Copper at week-low on China risks
Copper at week-low on China risks
July 30, 2009
Article from: Reuters
COPPER prices fell to their lowest level in a week as the US dollar firmed on risk aversion and investors fretted that China might reduce imports of the metal.
Weak equities markets, a heavy build in US oil inventories and a drop in orders for durable US-made goods also weighed on commodities in general.
Benchmark copper on the London Metal Exchange closed down $US115 at $US5415 a tonne. The metal, used in power and construction, hit a session low of $US5385 a tonne, down sharply from Monday's 10-month highs of $US5646.
In US trade, copper for September delivery ended down US4.30 cents, or 1.7 per cent, at $US2.4775 a pound on the New York Mercantile Exchange's COMEX division.
The sessions low was $US2.4500 -- which was a bottom since July 22.
There's concern that the market's got ahead of fundamentals for the time being, said Matthew Zeman, head of trading at LaSalle Futures Group in Chicago.
KEY COMMODITY PRICES: oil, gold, base metals, livestock and wheat
He said on-off sentiments about the global economy were off again on fears China may restrict lending in the second half, leading to a possible liquidity squeeze.
I wouldn't be surprised to see the September (COMEX) contract fall back to around $US2.25 to where we are right now, Mr Zemand said.
It looks toppy. I think the path of least resistance is on the downside right now.
Record Chinese imports had propelled copper prices up around 80 per cent this year, but analysts expect imports will slow as China is now fully stocked with metal.
The market has been growing more worried about an oversupply of base metals in China and prospects of rising stockpiles, said Daniel Major, an industry analyst at RBS Global Banking and Markets in London.
I think the market is just feeling a bit cautious on some of this material that's moved into China, Major said.
The US dollar climbed to a two-week high against the euro as investors sought a safe haven.
US stocks fell amid worries that China's banks might be poised to hit the brakes on lending to stem market excesses, a move that could curb the global economic recovery.
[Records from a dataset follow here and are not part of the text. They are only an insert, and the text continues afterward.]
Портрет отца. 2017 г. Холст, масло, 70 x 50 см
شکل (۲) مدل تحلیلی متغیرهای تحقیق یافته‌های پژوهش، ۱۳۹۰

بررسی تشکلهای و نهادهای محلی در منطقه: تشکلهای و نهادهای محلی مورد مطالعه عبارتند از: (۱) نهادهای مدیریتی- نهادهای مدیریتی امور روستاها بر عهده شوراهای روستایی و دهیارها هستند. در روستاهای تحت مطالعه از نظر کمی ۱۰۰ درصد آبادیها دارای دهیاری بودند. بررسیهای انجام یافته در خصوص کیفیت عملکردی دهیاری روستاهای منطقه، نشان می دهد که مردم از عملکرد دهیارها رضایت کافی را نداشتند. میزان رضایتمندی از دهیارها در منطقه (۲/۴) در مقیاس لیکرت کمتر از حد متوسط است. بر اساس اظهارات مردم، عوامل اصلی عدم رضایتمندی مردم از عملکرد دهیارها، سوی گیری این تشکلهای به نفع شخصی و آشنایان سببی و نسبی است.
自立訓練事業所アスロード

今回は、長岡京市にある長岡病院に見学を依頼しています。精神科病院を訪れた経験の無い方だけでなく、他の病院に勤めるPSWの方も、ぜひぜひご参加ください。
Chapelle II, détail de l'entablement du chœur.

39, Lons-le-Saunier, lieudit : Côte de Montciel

A larger-than-expected drop of 2.5 per cent in June for orders of US durable goods weighed further on the market.
The latest data showed stocks of copper in LME warehouses fell 575 tonnes to total 278,350 tonnes. However, cancelled warrants -- material tagged for delivery out of warehouses -- fell by 1825 tonnes, meaning more material is available.
LME stocks have been rising since mid-July, although they remain well short of February levels of around 500,000 tonnes.
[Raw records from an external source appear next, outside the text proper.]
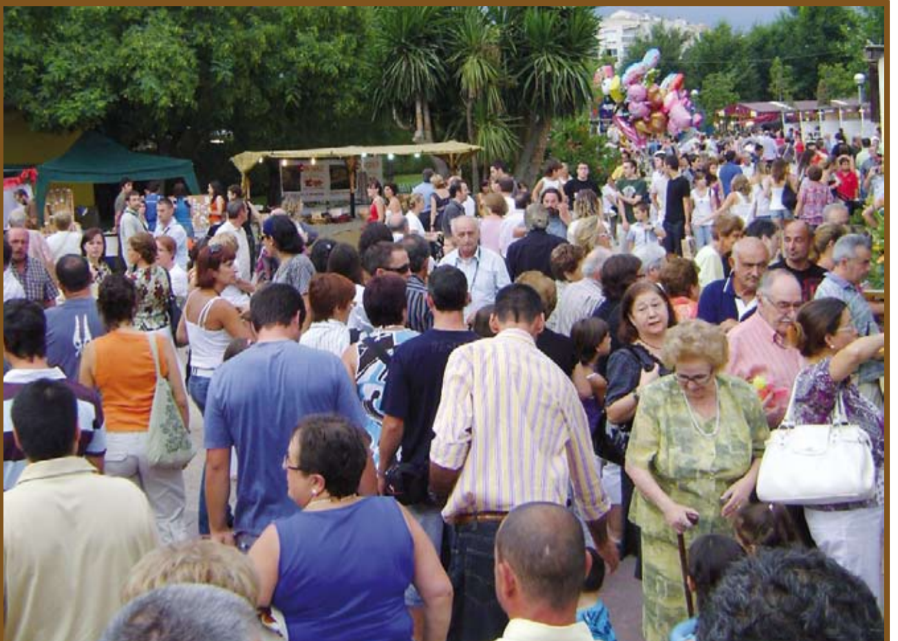
La gran participació a la Fira de l'Avellana fa de Riudoms el centre de les nostres comarques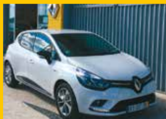
RENAULT CLIO LIMITED TCE 90 CV 2016.....15.250,00€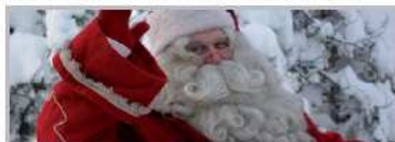
17 Dicembre - La Notte Bianca di Natale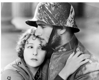
1928 SOIRS D'ORAGE (The Woman disputed) d'Henry King avec Gilbert Roland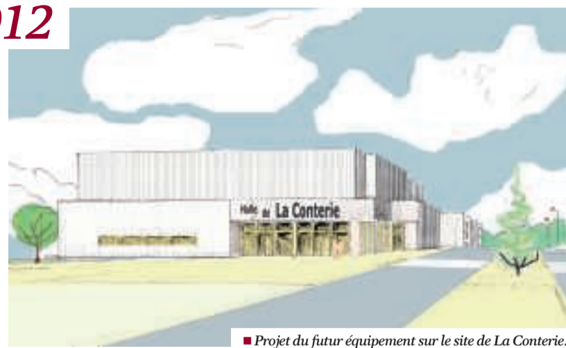
■ Projet du futur équipement sur le site de La Conterie.

Le site de La Conterie verra bientôt s'élever un nouvel espace communal, polyvalent. Le projet de halle se donne pour objectif de répondre aux besoins de manifestations sur la commune qui ne trouvent pas de réponse avec l'offre actuelle.

LME aluminium closed at $US1803 from $US1824 yesterday. Stocks of the metal used in transport and packaging fell 3,225 tonnes but remained at record levels near 4.6 million tonnes.
High aluminium stocks are not weighing heavily on aluminium as a lot of material is tied up in financing deals with banks.
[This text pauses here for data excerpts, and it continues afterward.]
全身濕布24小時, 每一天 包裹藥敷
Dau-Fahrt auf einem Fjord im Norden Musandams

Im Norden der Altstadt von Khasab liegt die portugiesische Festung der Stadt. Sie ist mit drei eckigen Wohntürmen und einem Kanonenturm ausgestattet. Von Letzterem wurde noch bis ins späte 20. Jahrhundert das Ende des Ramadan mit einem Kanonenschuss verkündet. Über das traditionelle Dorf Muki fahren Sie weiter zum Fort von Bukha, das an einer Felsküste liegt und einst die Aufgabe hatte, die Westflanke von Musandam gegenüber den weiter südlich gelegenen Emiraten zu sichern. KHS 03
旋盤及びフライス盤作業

LME tin was untraded at the close but was last bid at $US14,200 from $US14,100 a tonne. The metal traded at a premium of $US280-$US300 for cash material over the benchmark 3 month price.
This compares with a discount of $US40 for cash tin in mid-June.
Traders remain concerned about the amount of long positions to buy tin compared with available metal in LME warehouses.
Galvanising metal zinc closed at $US1643 from $US1690 on the LME, battery material lead closed at $US1760 from $US1767 while steel-making ingredient nickel closed at $US16,250 from $US16,630.